Opioid America

The Sackler family and the opioid crisis

Opioid America Thousands of Americans are turning against the Sacklers, the family who built their $13 billion fortune on the painkiller Oxycontin. But as lawsuits and protests mount, the opioid addiction crisis rages on.
“We have to bring down the Sackler family!” yells noted photographer and former Oxycontin addict Nia Goldin, leading a protest in New York. “They should be in jail next to El Chapo.” The Sackler family has made its $13 billion fortune from the profits of Oxycontin. The opioid painkiller is highly addictive and has been linked to the crisis of addiction across the US. In the heartlands of the crisis in West Virginia, entire communities have been devastated. “That drug just about wiped this county out.
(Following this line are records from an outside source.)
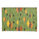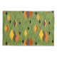 Esta fronha tem um design de diamantes moderno século médio de 1970, e estrelas em um campo de verde.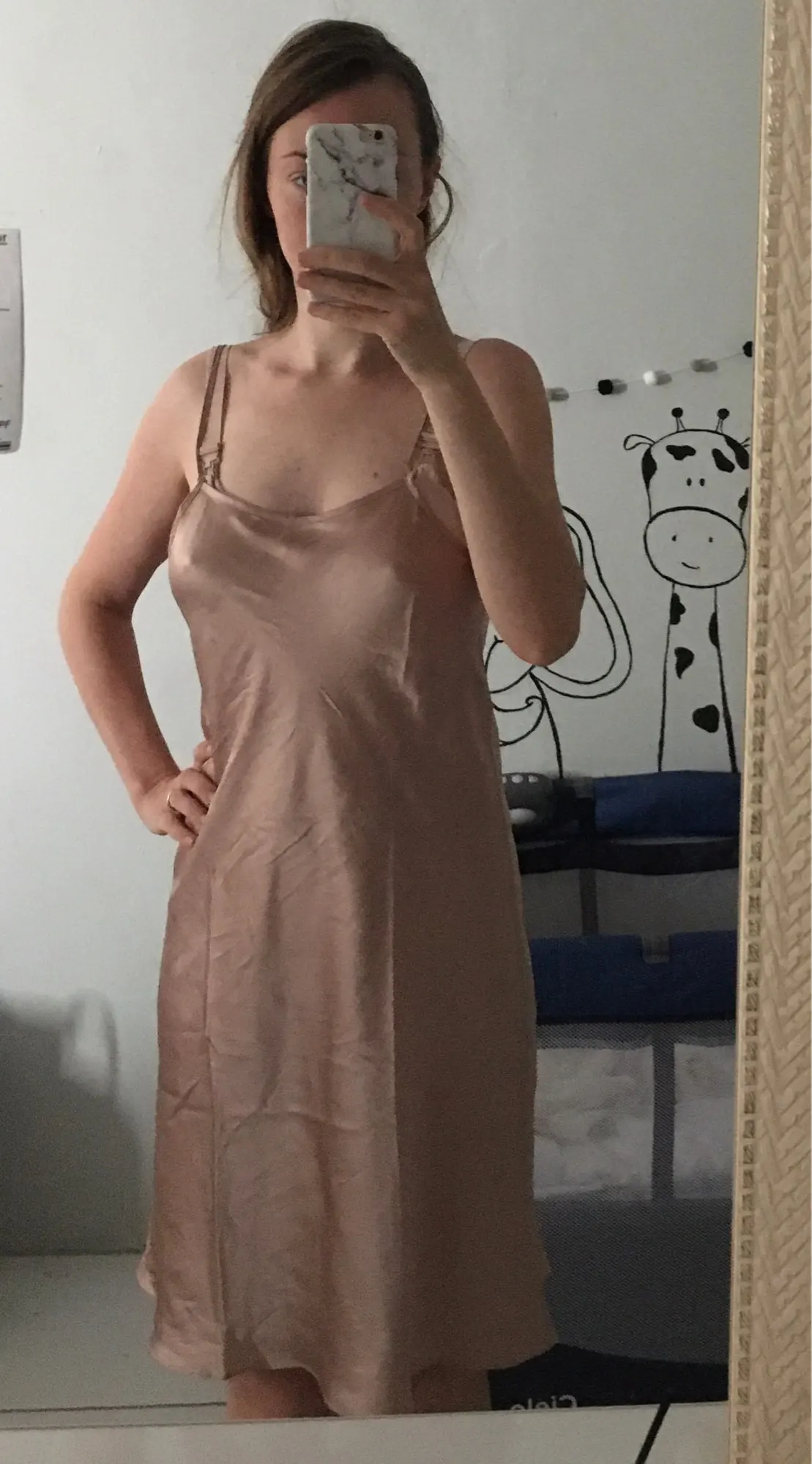 увидев кучу положительных отзывов решила заказать. пришло быстро- до Германии меньше месяца. цвет роскошный,шелк натуральный,НО.. не ожидайте от этого шёлка супер качества. учитывайте то,что сама фактура ткани немного косит,поэтому сделав шаг вперёд у меня тянет на противоположной стороне под грудью. так же было несколько косяков ,умело сглаженных утюгом. в итоге открыла спор, продавец вернул часть суммы.за это ему отдельное спасибо, потому что комбинацию носить не буду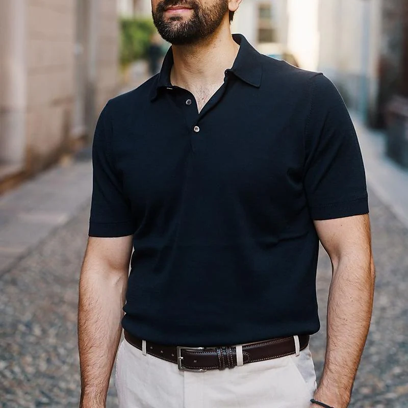 Men's Golf Shirt Dress Shirt Casual Shirt Holiday Geometry Classic Collar Casual Daily Color Block Button-Down Short Sleeve Tops Simple Color Block Casual Fashion Black Navy Blue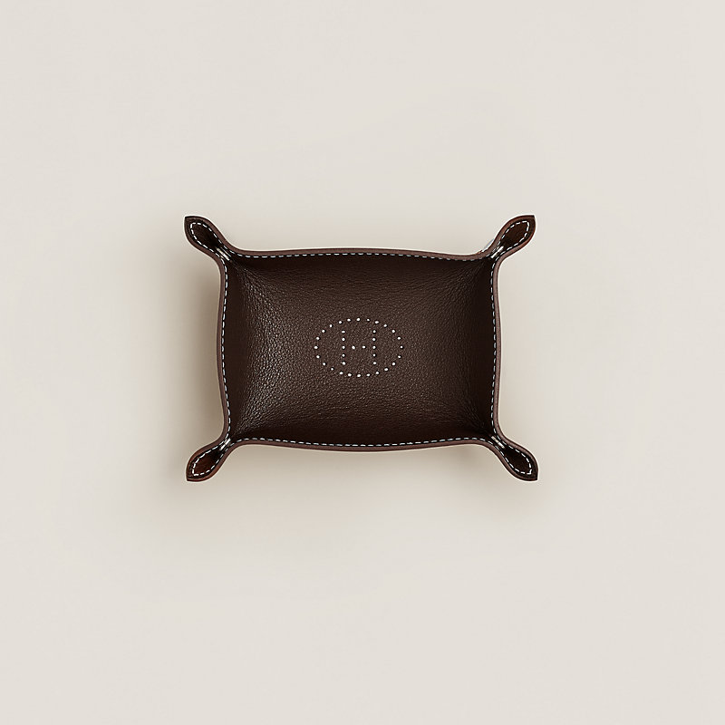 Inspired by the iconic Hermès change trays, the Mises et Relances Desk office collection returns this season with a new bicolor version in smooth Potiron orange and Fauve H taurillon leather. The iconic H Evelyne is created by perforating the center of the objects.

It was so powerful,” says local sheriff Martin West. The sheriff estimates more than a fifth of his county is now addicted to opioids, heroin, ice or alcohol. “It was so addictive, and they knew that, pharmaceuticals knew that.” The addiction crisis is now spreading west. “There are more injecting drug users in San Francisco – about 25,000 - than there are high school students,” says a furious city attorney Dennis Herrera, who is behind one of the large class action lawsuits against Purdue and the Sacklers. San Fran is now joining 1,600 other cities and counties in suing Perdue Pharma and eight Sackler family members who profit from the company. Standing before a packed hall of wealthy donors, ex-Oxycontin addict Patrick Kennedy, son of the late Senator Edward Kennedy rails against the family that has brought America to its knees: “We’re going to get a tobacco-sized verdict against Purdue Pharma.”